To obtain faster spectral convergence in time, we now consider a case with solution u(xt) that fulfils \(u(x,0)\equiv 0\). This can be achieved, by introducing homogeneous initial conditions with a right-hand side f(xt) that also satisfies \(f(x,0)\equiv 0\). In this example, we consider the case where we use a right-hand side f(xt) that combines the smoothed initial conditions with forcing term to set \(f(x,0)\equiv 0\). One possible f(xt) that satisfies these requirements is given by

$$\begin{aligned} f(x,t) = t^k(T-t)^k \cdot x^k(2\pi -x)^k \exp (-(x-\pi )^2), \end{aligned}$$
(74)

and is visualized in Fig. 11. The convergence results for this computation are given in Figs. 12a, 13, 14b. We note, that the convergence in space stays almost unchanged. However, for the convergence in time we now observe much faster spectral convergence, due to the fact that our solution vanishes for \(t=0\). Comparing Figs. 12a and 14a to 13a, we still observe faster convergence for the integer order derivative case. A possible, heuristic explanation for this might be given, by considering fundamental property of fractional derivatives. Since integer order derivatives are local operators and fractional derivatives operate globally, this also influences the way that errors are propagated throughout the domain.

Fig. 11
figure 11

Smooth right hand side with zero values on spatial and temporal boundaries

Fig. 12
figure 12

Convergence result for fixed \(\alpha =0.5\) and \(\beta =1.0\). a Convergence in time. b Convergence in space

Fig. 13
figure 13

Convergence result for fixed \(\alpha =1.0\) and \(\beta =0.75\). a Convergence in time. b Convergence in space

Fig. 14
figure 14

Convergence result for fixed \(\alpha =0.5\) and \(\beta =0.75\). a Convergence in time. b Convergence in space

7.2 Approximating solutions of the wave equation

Since the theoretical analysis of the spectral fractional Galerkin methods assumes, that \(\alpha /2\in (0,1)\) and not \(\alpha \in (0,1)\), we can approach values of \(\alpha =2\) arbitrary close. However, for \(\alpha =2\) the method breaks down, since the Jacobi polynomials are not defined for this case. Setting \(\alpha =1.999\) and \(2\beta = 2\), we approach the classical wave equation \(\partial _{tt}u(x,t)-\partial _{xx}u(x,t) = f(x,t)\). For the case of zero source term and sinusoidal initial conditions, the solution of the system is given in Fig. 15 and for a higher frequency of the initial conditions and a longer domain in time in Fig. 16. These experiments suggest, that the method outlined can be used to compute solutions of the fractional diffusion equation, but also approaching solutions of the fractional wave equation as \(\alpha \rightarrow 2\).
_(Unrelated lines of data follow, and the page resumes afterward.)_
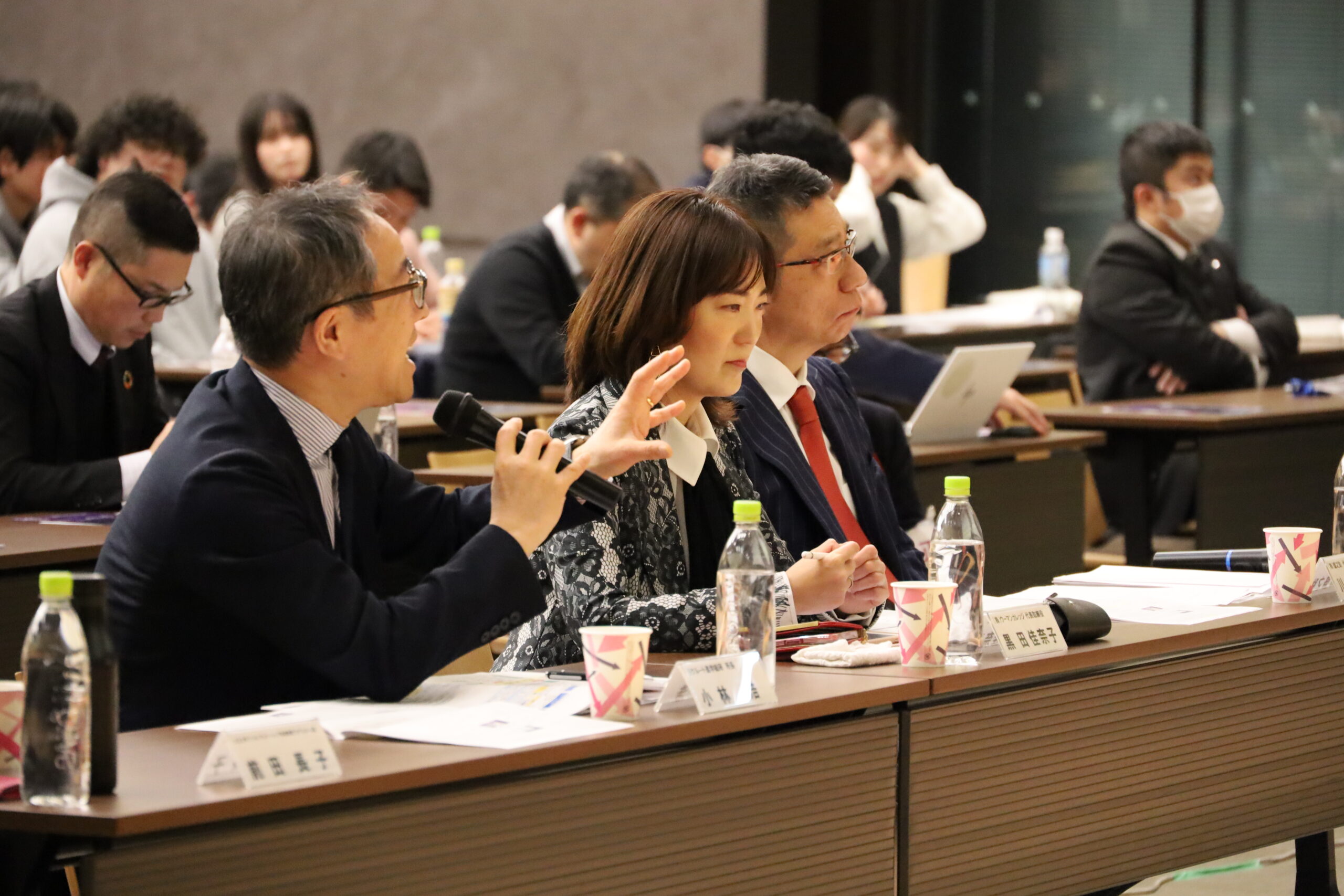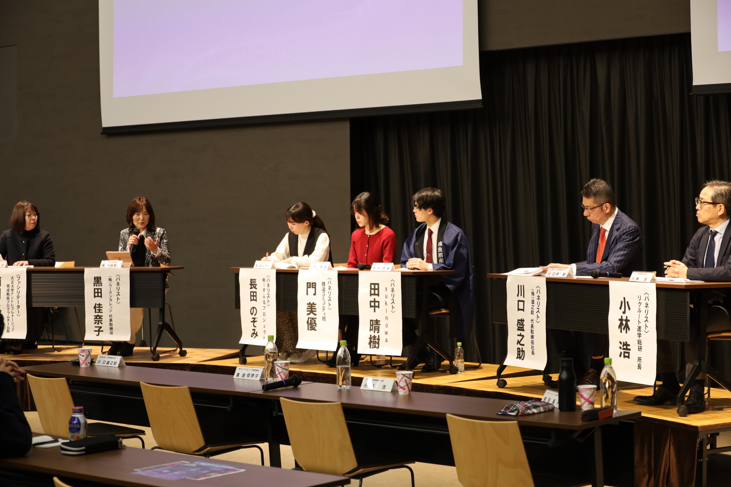 ファシリテーターを前田教授が務め、パネリストに審査員を務めた川口氏・黒田氏・小林氏、ピッチコンテスト「ファイナリスト」の代表として田中さん・門さん・長田さんが登壇しました。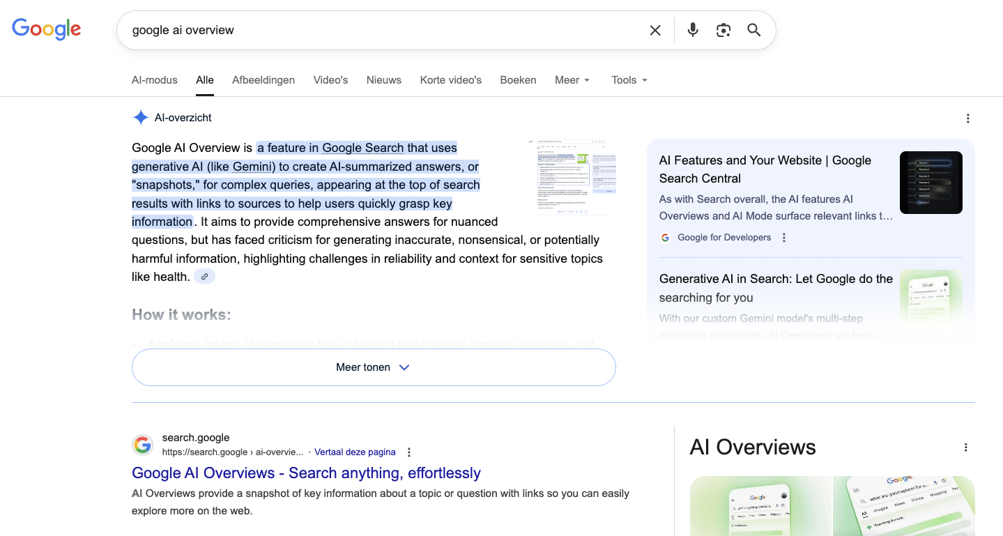 In de praktijk zie je AI Overviews vooral bij zoekwoorden met een informatieve zoekintentie (uitleg, how to, vergelijking, vraagvorm en long tail). Tegelijkertijd breidt Google dit zichtbaar uit richting commerciële en transactionele zoekopdrachten.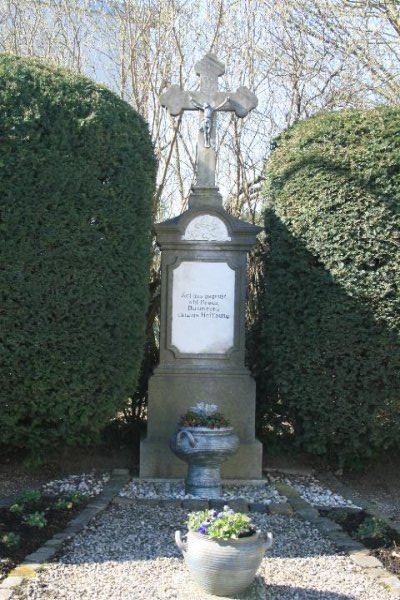 Wegekreuz in Langerwehe - Stütgerloch Denkmalbeschreibung: Um 1900; Wegekreuz aus Muschelkalk; Pfeiler mehrfach gestuft, Inschriftenplatte, dachförmiger Abschluß, kleines Blausteinkreuz mit gussartigem Corpus und Kleeblattenden.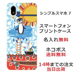 - シンプルスマホ7 A404SH らふら 名入れ スマホケース ペンギン天国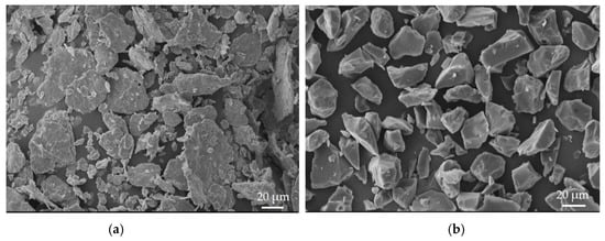 Commercial Fe and B4C powders were used as the matrix and reinforcement, respectively, for the fabrication of composites. From the point of view of the reaction between the iron and boron carbide powders, the selected particle sizes of both powders were nominally similar to promote high diffusion rates between iron and boron carbide. The iron particles, manufactured by AEE (Atlantic Equipment Engineers, (Upper Saddle River, NJ, USA), were mixtures of irregular angular shape and flake geometry with a median particle size () of 28.6 µm. The particles of B4C powder, manufactured by AEE, showed an irregular polygonal and angular morphology with a median particle size () of 30.8 µm. The particle size distributions of the raw powders were determined by a laser diffraction particle-size analysis (Mastersizer 3000, Malvern Panalytical Ltd, Malvern, UK). The results of the particle size distributions are listed in Table 1. The supplied information about the powders was presented in SEM images, seen in Figure 1.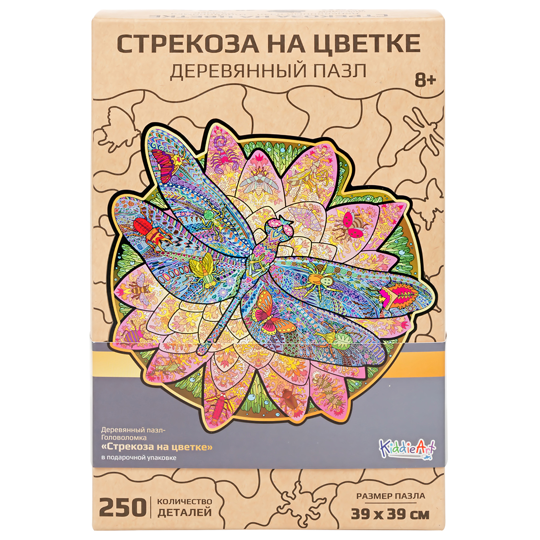 Деревянные фигурные пазлы от KiddieArt – это изображение реальных и сказочных персонажей. Каждый пазл выполнен в оригинальной форме, имеет особый фигурный рез, с помощью которого по мере сборки можно увидеть всю головоломку. Каждый сможет найти для себя пазл по интересам. В ассортименте представлены деревянные пазлы в виде животных, символов, строений и прочее. Подходят для детей от 8 лет и взрослых. Деревянный пазл в виде волшебной яркой стрекозы, сидящей в разноцветном цветке, с интересным запоминающимся детальным орнаментом на крылышках. Необычный дизайн, смелая подача делают головоломку интересной и запоминающейся. Содержит 250 деталей.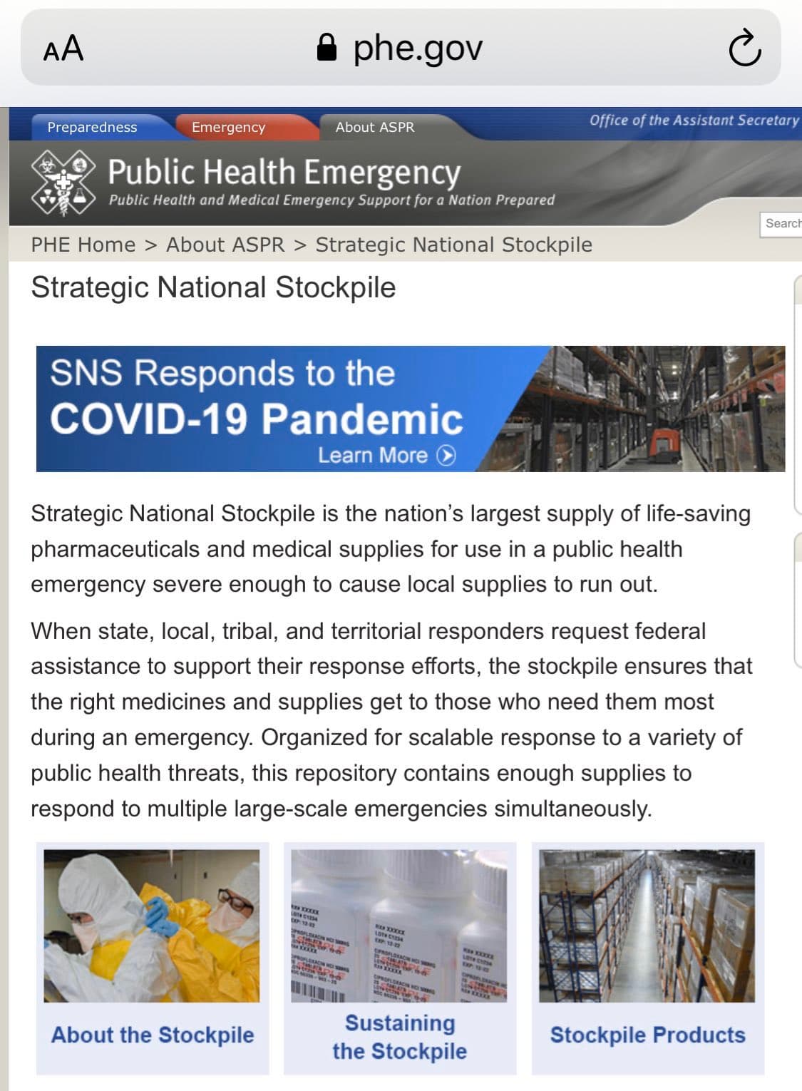 Many are asking about an update to the ASPR website. ASPR first began working to update this text a week ago to more clearly explain the role of the Strategic National Stockpile. HHS has been using this same language in statements to the press for weeks now.

A further theoretical analysis of the rate of convergence and the applicability of the method to a broader variety of test cases is work in progress and will be investigated in future work.

Fig. 15
figure 15

Approaching the solution of the wave equation

Fig. 16
figure 16

Approaching the solution of the wave equation

8 Summary

In this work we have derived the fractional diffusion equation and explained its applicability in the modeling of diffusion processes in nature that are no longer memorylessness. This fundamentally changes the underlying behavior of the process and make the problem numerically harder to solve. We chose an appropriate spatial and temporal ansatz to expand our solution and make use of the Galerkin method, now applied in the fractional setting, where we used a Fourier expansion in space. Since these are eigenfunctions of the corresponding fractional differential operator as well as orthogonal with another, sparsity in the resulting matrices can be ensured. Numerical experiments where performed for a variety of test cases and show the expected spectral convergence for problems with smooth initial conditions. Furthermore, we applied the derived method to fractional partial differential equations that approach the classical and fractional wave equation by letting the index of the time derivative approach the value of two arbitrarily close, thus obtaining a method that handles problems with diffusive characteristics as well as wave related phenomena. While this was done in a qualitative manner, these first observations indicate that the presented method works for \(\alpha \in [0,2)\), and not only for \(\alpha \in [0,1]\). Thus extending the applicability towards the regime, governed by the wave equation.